Adams too suffered a misfortune, becoming the first President to serve only one term, thanks to Jefferson who defeated him in his bid for a second term in a campaign that would rival the last two that we have seen in our day for the calumny practiced.
So both men were working hard in their last years to set the record straight and show that they were on a par with Washington, Hamilton, Madison, and Monroe. And in that struggle it was as essential then, as it is now, to appear to be Christian. Thus, though neither man could honestly profess to believe the Biblical record of Jesus’ life, they clung to a Jesus of their own making. Or more accurately, they held the orthodox Jesus at arm’s length, unwilling to be contaminated by what they saw as intellectually unworthy claims about his divinity and his miracle-laden journey on earth, still needing him, though, as a part of the resume that would gain them access to the Patriot’s Hall of Fame.
There is a great desire on the part of conservative Christians (who are, in our day, predominantly Republican in their politics) to make of our founding fathers orthodox Christian men. Some were. But most were not, and there is good reason (good evidence) to show that none of the major players held orthodox Christian beliefs, especially if orthodoxy is to be defined in terms acceptable to current Evangelical Christians. Still nearly all of them, as far as I know, believed in a Supreme Being, the creator of heaven and earth. They were, and both Jefferson and Adams called themselves, Deists. But they also coveted the designation “Christian.” It was as important to their electability and their later reputation as it is for politicians today to be known as Christian.

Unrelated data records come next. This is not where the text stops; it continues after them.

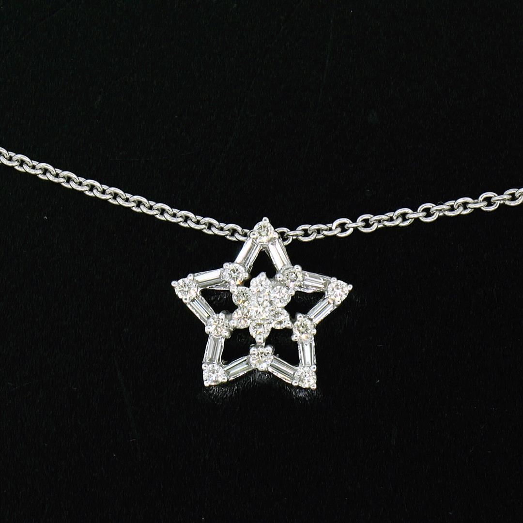 NEW 14K White Gold 16" 0.64ctw Round Baguette Diamond Open Star Pendant Necklace. Please see photos and description for all available information. A new solid 14k white gold open star pendant necklace, featuring 9 baguette cut natural diamonds (F- VS1; 0.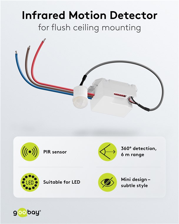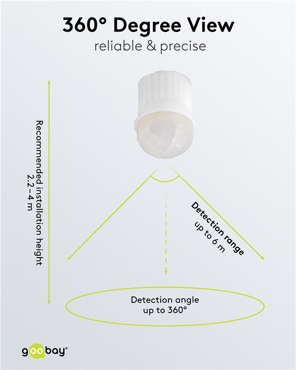 - With a detection angle of 360°, ideal for flush-mounted installation in cavity ceilings, installation height: 2.20 m to 4 m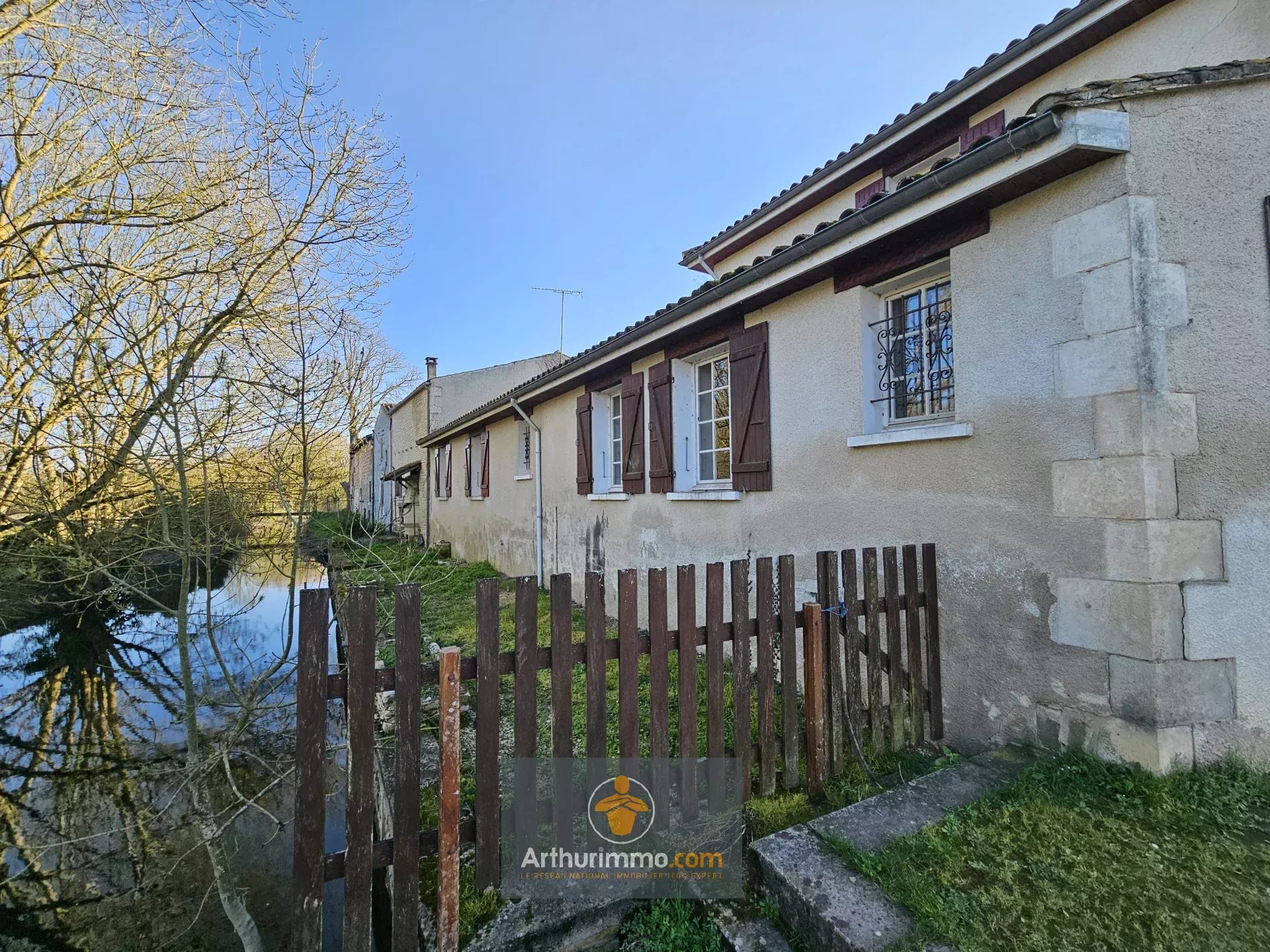 Ensemble en pierres avec vue exceptionnelle sur le port et le marais, jardin clos de 760m². Au rez-de-chaussée : véranda, grande entrée, cuisine, séjour double avec insert, 1 chambre, grande salle d’eau, WC. À l’étage : 2 chambres et 2 greniers aménageables. Accès direct à 2 pièces attenantes pouvant être exploitées selon vos besoins. Grandes dépendances. Travaux à prévoir. Raccordée au tout-à-l’égout. Accès direct eau par embarcadère. Contactez votre agence immobilière Arthurimmo.com Courçon (17170) idéalement située au cœur du Marais Poitevin ! À seulement 25 minutes de La Rochelle (17000) 25 minutes de Niort (79000) 5 minutes pour rejoindre Ferrières d'Aunis (17170) et sa zone commerciale 15 minutes pour Surgères (17700) et sa gare TGV Pour toutes vos transactions immobilières, contactez-nous dès aujourd'hui !

But our founders purposely wrote into the Constitution a clause protecting the right of any citizen to seek public office regardless of their religious beliefs or lack thereof. In Article VI, Paragraph 3 they declared:
"The Senators and Representatives before mentioned, and the Members of the several State Legislatures, and all executive and judicial Officers, both of the United States and of the several States, shall be bound by Oath or Affirmation, to support this Constitution; but no religious test shall ever be required as a qualification to any office or public trust under the United States." (Bolding added to identify the pertinent section.)

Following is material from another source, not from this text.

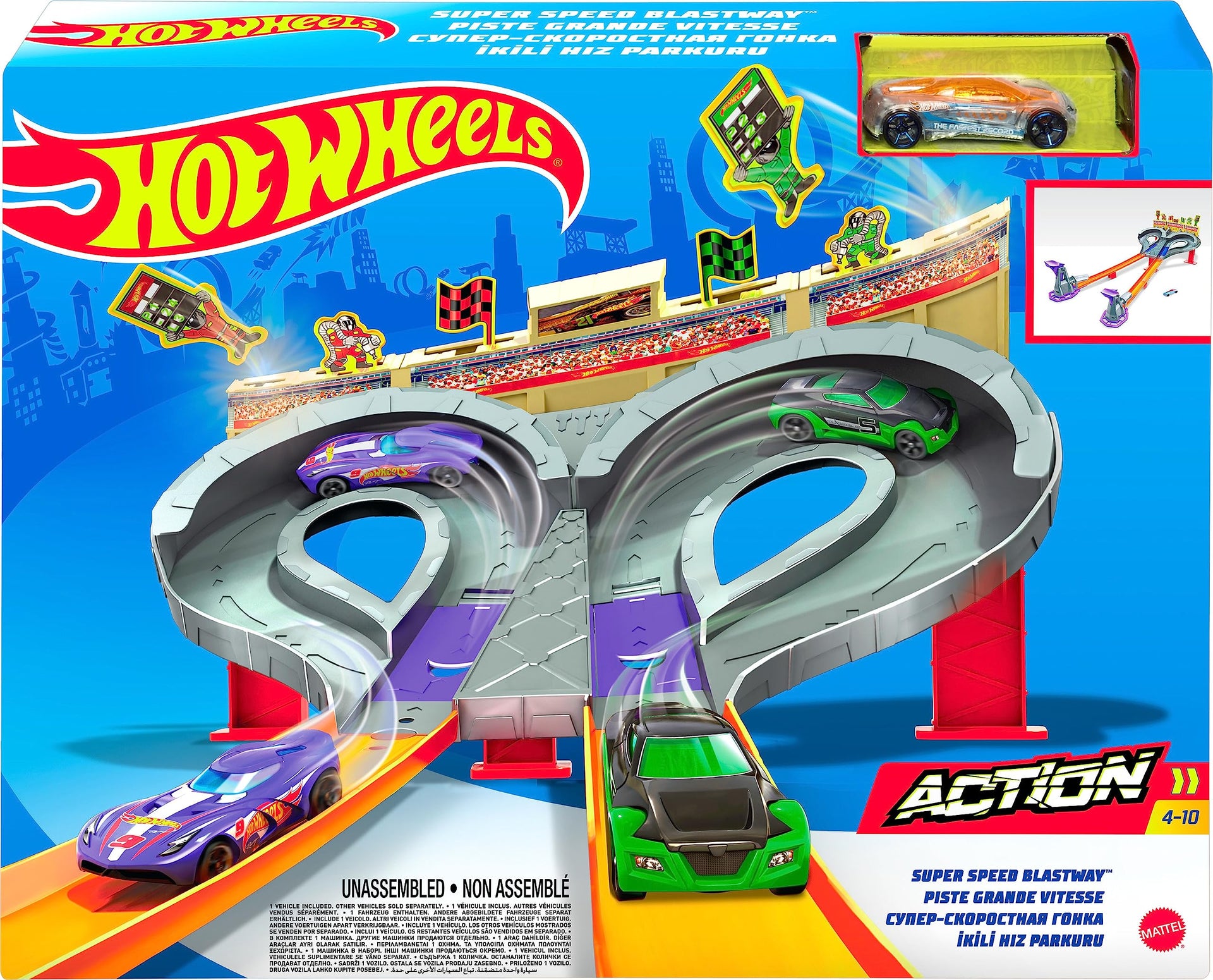 Hot Wheels Track Set Super Speed Blastway Playset, Dual-Track Racing for 1 or 2 Players, Includes 1:64 Scale Toy Car

It is impossible to know whether a candidate for public office is a Christian, or Hindu, or Buddhist, or Atheist. They may make profession of such beliefs but be as Adams and Jefferson were, holding their religion with great reservations, or as may have been the case with others, simply not believing it at all.

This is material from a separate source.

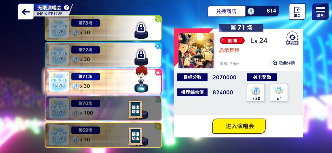 纪念,无限演唱会70场达成! 挖矿篇 ① 如下图所见,完成次数A评价(20次)得1大矿,困难连击次数A评价得1大矿,专家得2大矿(大矿颜色好像是会更替的 打不过困难专家不妨调小音符调慢速度试试,比较容易全连(我调的是音符大小70%,速度6.7 ②无限演唱会70场商店上架300大矿中矿小矿(现在缺的是小矿了,哭 69层黄色我用的是4红色同属五星+1绿色五星,偶像之路几乎全开,困难手打勉强过(打不过可

So, my point, long in arriving, is that we need to select our public servants on their merits as best we can know them and let them be free to exercise their belief, if they have one, sincerely without prejudicing their “right” to serve their community or nation. We should not force anyone to endorse a belief, or appear to endorse one, with which their conscience is at odds; they should not have to hold Jesus, or any other religious leader, at arm’s length.